Kenya’s Fanisi Capital Launches Fund II

Kenya’s Fanisi Capital Launches Fund II

Kenya-based private equity firm, Fanisi Capital, has launched its second fund – Fanisi Capital Fund II, a closed-end, 10-year growth fund looking to raise a total of up to US$100 million to invest in agribusiness, consumer goods, education, and healthcare in Kenya, Rwanda, Tanzania, and Uganda.

The firm plans to raise US$40 million of the total corpus locally with the balance being raised from international investors.

“We are essentially involved in building African businesses and African value chains, and have done so successfully in the past,” said Ayisi Makatiani managing partner and CEO of Fanisi Capital. “This is why local investors are especially keen to put money into our fund.”

Will The IFC Board be on Board?

The Board of the International Finance Corporation (IFC), a part of the World Bank Group, is reportedly considering committing up to $7.5 million to Fanisi’s Fund II, according to Africa Capital Digest.

However, beyond a commitment of capital, the IFC is also looking to supply Fanisi with advisory services including the sourcing of experts in the field of due diligence, as well as other teams that will be responsible for ensuring environmental, sustainability, and best practices standards are being met, and to help the firm’s portfolio management companies grow topline revenue.

These actions have yet to be approved, however, Africa Capital Digest reports that the IFC Board is scheduled to meet on November 3 at which time it is expected that it will vote on and approve the commitment.

Building on Fund I

Founded in 2009 by the Norwegian Investment Fund for Developing Countries (Norfund) and Amani Capital Limited, Fanisi has invested in companies that are post revenue and that have demonstrated a profitable future in the agribusiness, healthcare, energy, natural resources, consumer and education spaces according to the company’s website.

The launch of Fund II follows on the firm’s first fund, the US$50 million Fanisi Venture Capital Fund S.C.A, SCIAV-SIF, which makes direct investments into segments that have traditionally been considered outside of the mainstream venture capital space in East Africa.
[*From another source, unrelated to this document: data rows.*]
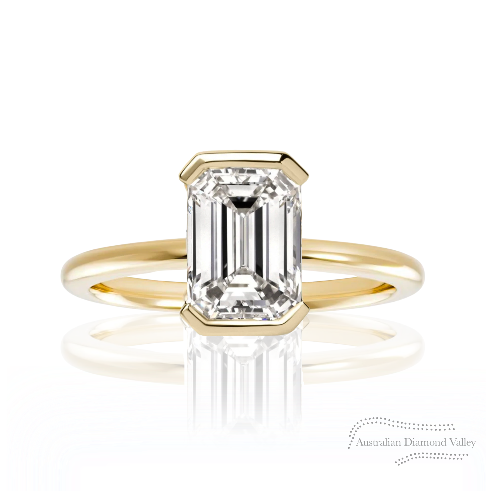 The Kingsbury Ring features a sophisticated open bezel-set emerald cut centre stone, crafted with precision by ADV’s master jewellers.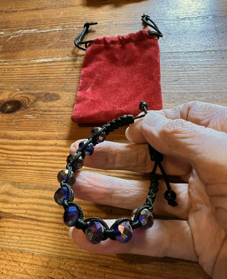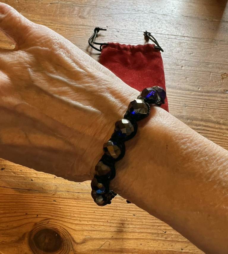 2 x Pretty Bracelets one with Blue Stones, one with Black sparkly Stones as follows: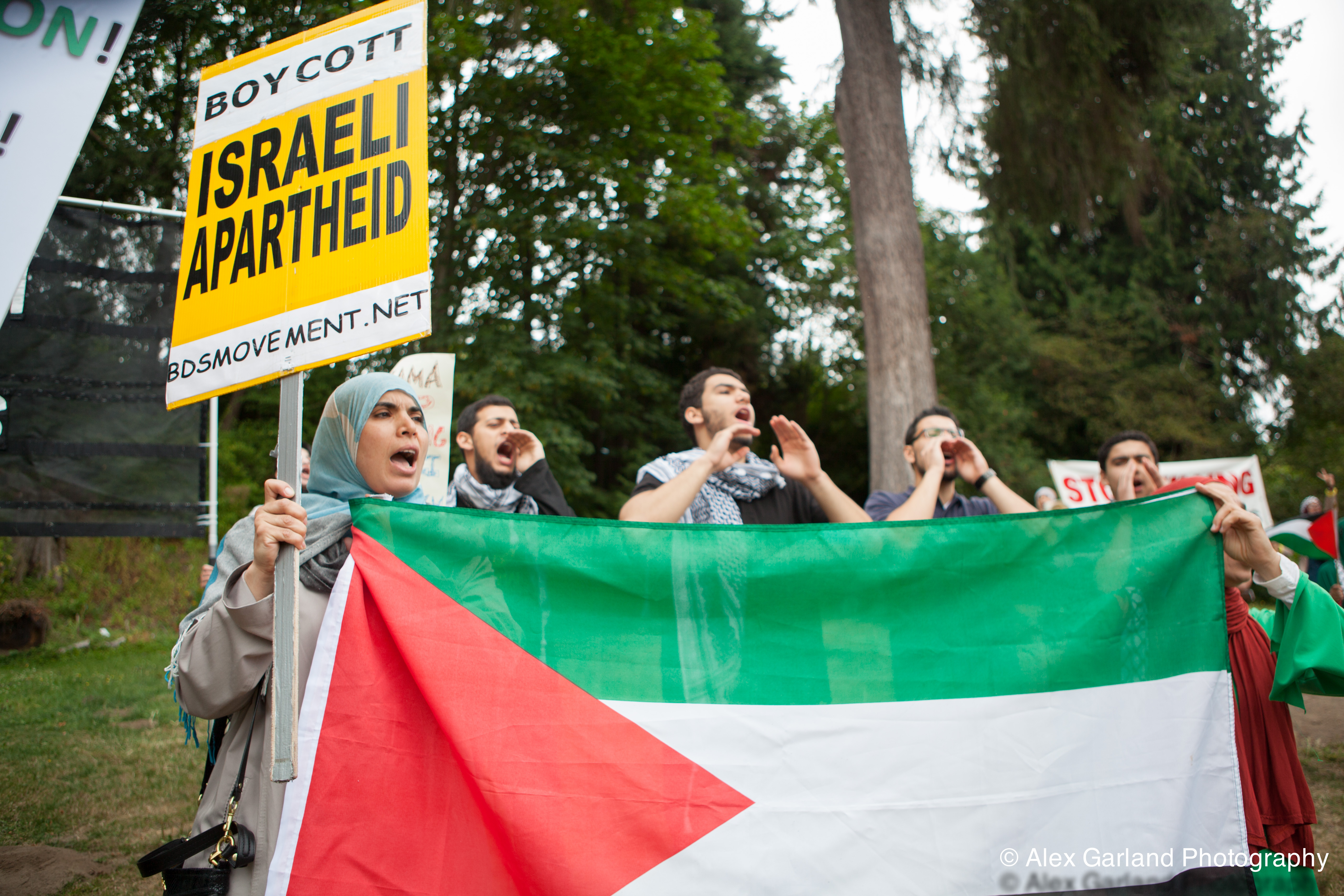 IMG_1948 Published July 24, 2014 at 5616 × 3744 Demonstrators chant, holding Palestinian flags and anti-Israeli apartheid signs

Launched in 2010 and fully invested in 2015, the portfolio of Fund I includes Haltons Pharmacy, Kijenge Animal Products in Arusha, Tanzania, ProDev/Minimex Group in Rwanda and European Foods Africa Ltd (EFAL) among others.

“Fanisi Fund II will essentially build on the success of Fund I, allowing us to positively impact even more African businesses and help drive the regional economy forward,” said Tony Wainaina. Fanisi Capital Managing Partner reports Capital Business.